REQUIREMENT — Would you repeat the listing exactly but omit every picture?

DATA SEGMENT —
==============================

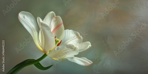 A solitary Tulip bloom unfurls to display rich stamen A single petal on the opposite side showcases a crimson stripe Soft focused green Tulip foliage envelops the flower The quintessential
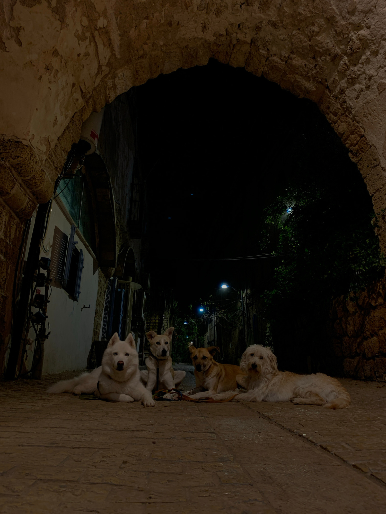 The scene is an outdoor shot at night, likely in Tel-Aviv, Israel. The image is taken from within an archway constructed from weathered stone. Outside the archway, the scene opens to a narrow street l…read more
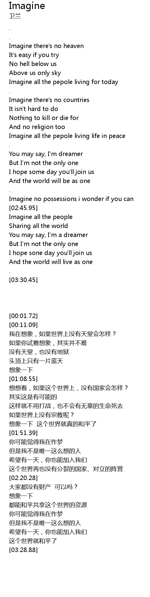 Imagine all the pepole living life in peace |

==============================

TASK OUTPUT —
 A solitary Tulip bloom unfurls to display rich stamen A single petal on the opposite side showcases a crimson stripe Soft focused green Tulip foliage envelops the flower The quintessential
 The scene is an outdoor shot at night, likely in Tel-Aviv, Israel. The image is taken from within an archway constructed from weathered stone. Outside the archway, the scene opens to a narrow street l…read more
 Imagine all the pepole living life in peace |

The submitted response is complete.